→ EXERCISE
Beginning with the line of the entries below that holds "The Winter Floral" and ending with the line that holds "The Life Is", transcribe each line exactly as written. Pictures stay out.
[DATA TO USE Boundary: Start]
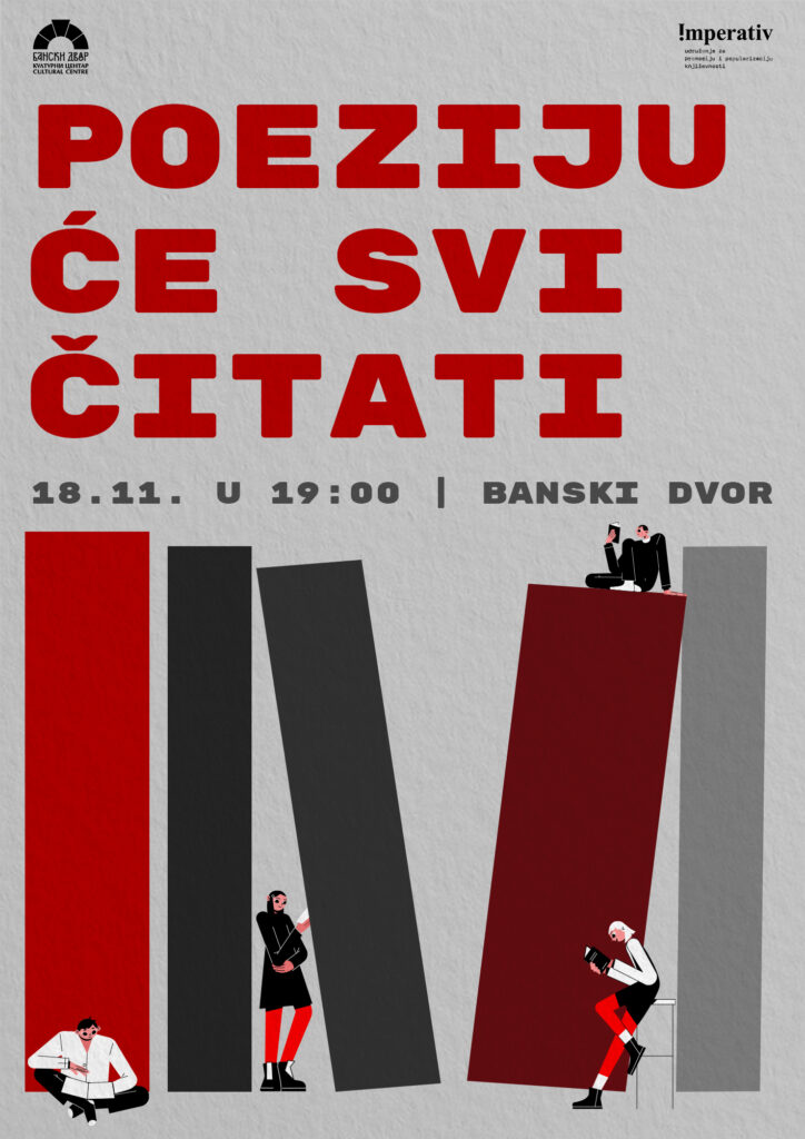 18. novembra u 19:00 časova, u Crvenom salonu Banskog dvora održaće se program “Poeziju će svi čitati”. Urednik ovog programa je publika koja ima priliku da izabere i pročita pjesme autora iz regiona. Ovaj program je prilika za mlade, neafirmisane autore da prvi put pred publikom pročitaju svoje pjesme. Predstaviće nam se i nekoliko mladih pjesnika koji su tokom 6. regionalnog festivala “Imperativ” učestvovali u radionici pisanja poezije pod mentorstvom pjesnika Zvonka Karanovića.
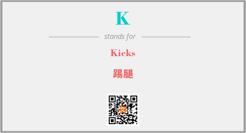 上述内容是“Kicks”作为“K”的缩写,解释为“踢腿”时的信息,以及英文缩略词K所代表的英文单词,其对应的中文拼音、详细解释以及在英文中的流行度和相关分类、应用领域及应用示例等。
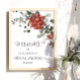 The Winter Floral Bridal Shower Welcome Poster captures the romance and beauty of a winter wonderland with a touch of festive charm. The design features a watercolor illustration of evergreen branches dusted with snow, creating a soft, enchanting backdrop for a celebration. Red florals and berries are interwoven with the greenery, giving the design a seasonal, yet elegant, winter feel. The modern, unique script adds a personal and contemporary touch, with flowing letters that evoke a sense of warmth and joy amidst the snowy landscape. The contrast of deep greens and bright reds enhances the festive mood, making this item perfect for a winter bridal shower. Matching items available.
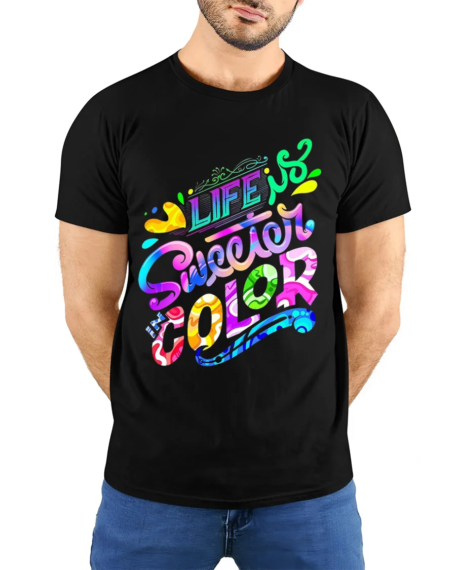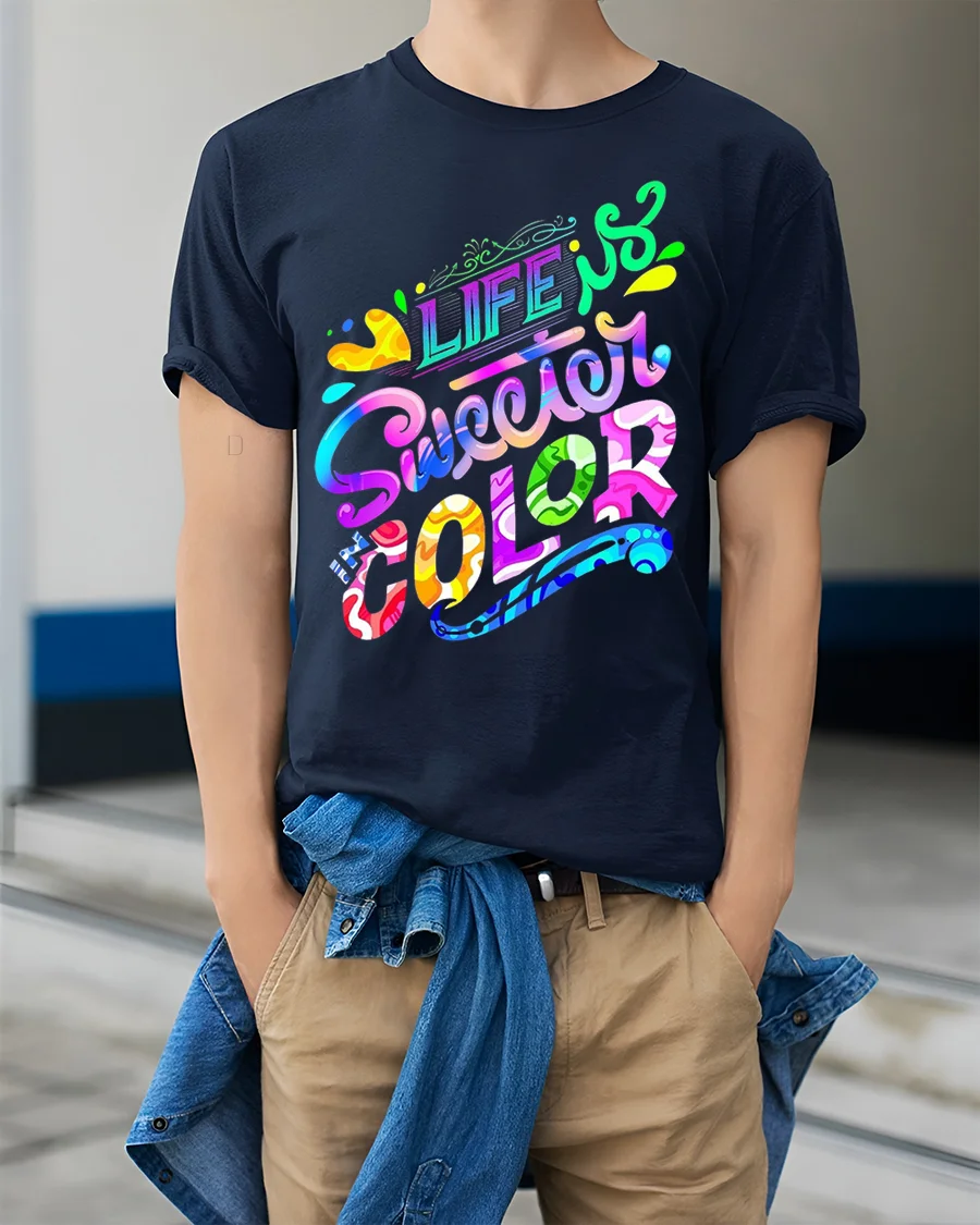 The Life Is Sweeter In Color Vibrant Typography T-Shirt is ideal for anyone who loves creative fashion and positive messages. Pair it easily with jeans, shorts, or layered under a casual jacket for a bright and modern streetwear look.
[DATA TO USE Boundary: End]
[DATA TO USE Boundary: Start]
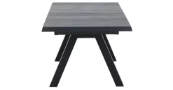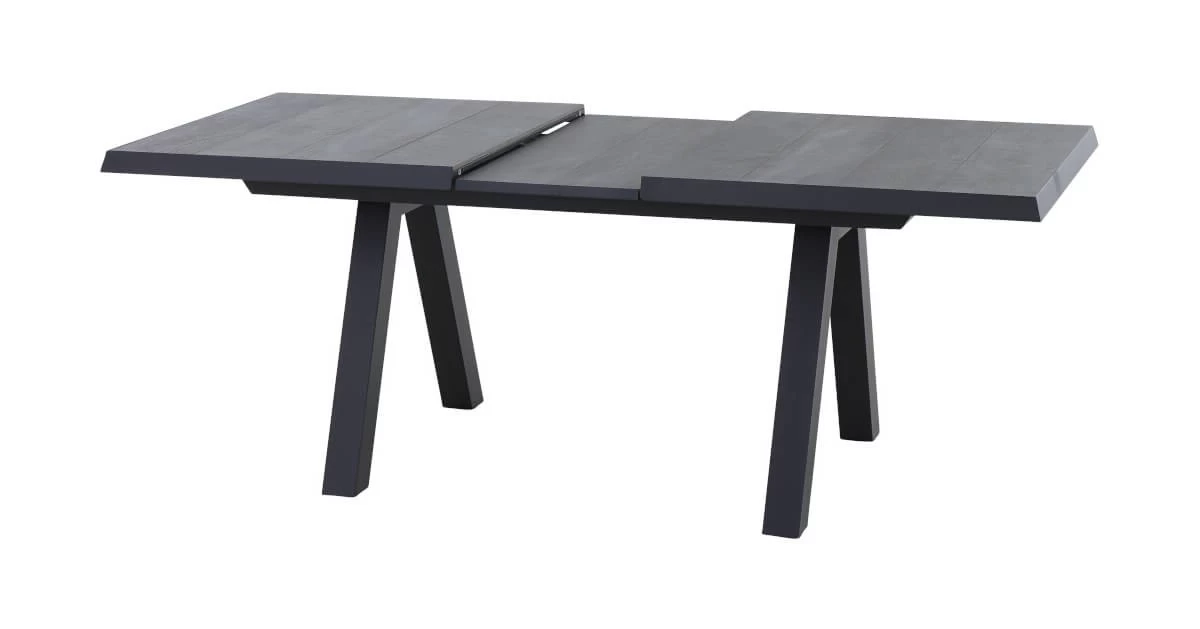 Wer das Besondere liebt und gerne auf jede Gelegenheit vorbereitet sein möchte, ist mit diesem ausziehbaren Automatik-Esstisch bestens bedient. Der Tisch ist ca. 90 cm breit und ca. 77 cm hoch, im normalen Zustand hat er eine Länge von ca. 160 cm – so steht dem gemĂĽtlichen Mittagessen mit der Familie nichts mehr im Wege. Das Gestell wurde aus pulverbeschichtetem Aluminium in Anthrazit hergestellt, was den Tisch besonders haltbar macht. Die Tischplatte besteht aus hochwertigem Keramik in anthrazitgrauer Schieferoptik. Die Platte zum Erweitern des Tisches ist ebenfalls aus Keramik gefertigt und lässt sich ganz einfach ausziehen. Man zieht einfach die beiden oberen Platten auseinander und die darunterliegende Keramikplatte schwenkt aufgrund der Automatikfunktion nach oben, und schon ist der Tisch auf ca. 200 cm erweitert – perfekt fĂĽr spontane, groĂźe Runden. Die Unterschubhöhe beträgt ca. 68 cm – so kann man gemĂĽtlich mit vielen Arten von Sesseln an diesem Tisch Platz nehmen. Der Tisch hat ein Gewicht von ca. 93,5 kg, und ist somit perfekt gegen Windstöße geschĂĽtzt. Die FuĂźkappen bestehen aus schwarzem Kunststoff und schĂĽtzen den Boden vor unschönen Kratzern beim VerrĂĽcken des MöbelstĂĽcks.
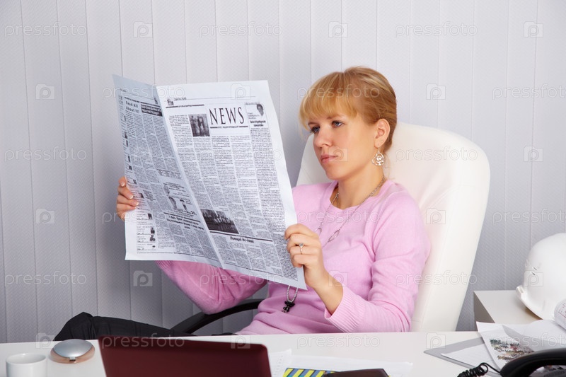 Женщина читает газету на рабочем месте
[DATA TO USE Boundary: End]
→ WRITTEN SOLUTION
 The Winter Floral Bridal Shower Welcome Poster captures the romance and beauty of a winter wonderland with a touch of festive charm. The design features a watercolor illustration of evergreen branches dusted with snow, creating a soft, enchanting backdrop for a celebration. Red florals and berries are interwoven with the greenery, giving the design a seasonal, yet elegant, winter feel. The modern, unique script adds a personal and contemporary touch, with flowing letters that evoke a sense of warmth and joy amidst the snowy landscape. The contrast of deep greens and bright reds enhances the festive mood, making this item perfect for a winter bridal shower. Matching items available.
 The Life Is Sweeter In Color Vibrant Typography T-Shirt is ideal for anyone who loves creative fashion and positive messages. Pair it easily with jeans, shorts, or layered under a casual jacket for a bright and modern streetwear look.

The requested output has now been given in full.